Shorter, templated, consistent targets are far more robust for the
autoregressive LM head — fewer tokens to drift on, fewer dominant
n-grams to repetition-collapse into.

Co-Authored-By: Claude Opus 4.7 (1M context) <noreply@anthropic.com>
---
 .../prompts/module_1_subtasks.txt             | 23 ++++++++++++-------
 1 file changed, 15 insertions(+), 8 deletions(-)
diff --git a/src/lerobot/annotations/steerable_pipeline/prompts/module_1_subtasks.txt b/src/lerobot/annotations/steerable_pipeline/prompts/module_1_subtasks.txt
index 10044fc0b..56d14d42f 100644
--- a/src/lerobot/annotations/steerable_pipeline/prompts/module_1_subtasks.txt
+++ b/src/lerobot/annotations/steerable_pipeline/prompts/module_1_subtasks.txt
@@ -4,17 +4,24 @@ The user originally asked: "{episode_task}"
 
 You are shown the entire demonstration as a single video. Watch the
 whole clip, then segment it into a list of consecutive atomic subtasks
-the robot performs. Write **ultra-compact** action labels.

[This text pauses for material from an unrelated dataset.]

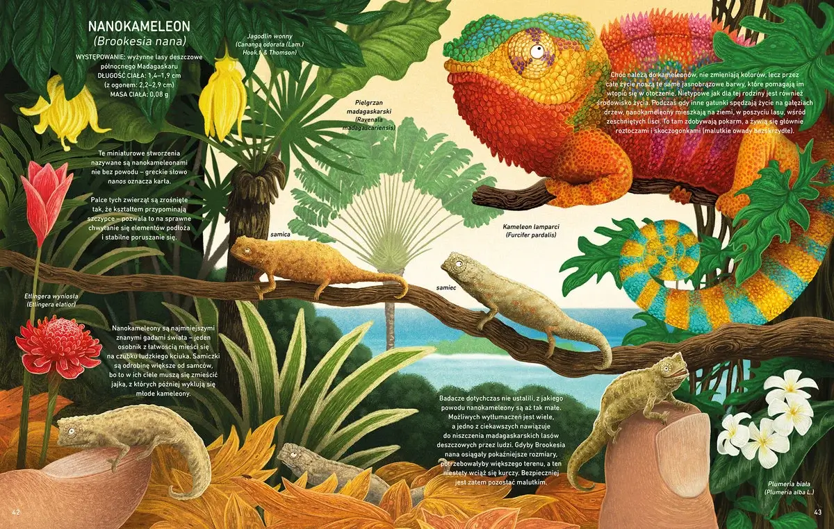 Zachwycające kolorystyką i precyzją ilustracje przeniosą czytelnika do najodleglejszych zakątków świata, w których będzie mógł podglądać małe, mniejsze i najmniejsze stworzenia.

+the robot performs. Write **telegraphic** action labels.
 
 Authoring rules — Hi Robot atom granularity, pi0.7-style short prompts:
 
 - Each subtask = one atomic skill the low-level policy can execute.
-- **Hard length cap: ≤ 5 words per subtask.** Drop articles, modifiers,
-  adverbs. Verb + object (+ optional short qualifier) only.
-- Prefer: "pick lettuce", "place bowl in box", "open drawer",
-  "grasp sponge left hand".
-- Avoid: "pick up one piece of lettuce", "carefully place the bowl",
-  "the robot moves its arm to the left".
+- **Hard length cap: ≤ 4 words.** Ideally 2-3. Form: VERB + (color) +
+  OBJECT. No articles ("the", "a"), no destinations, no adverbs, no
+  "robot"/"arm"/"gripper" — those are implied.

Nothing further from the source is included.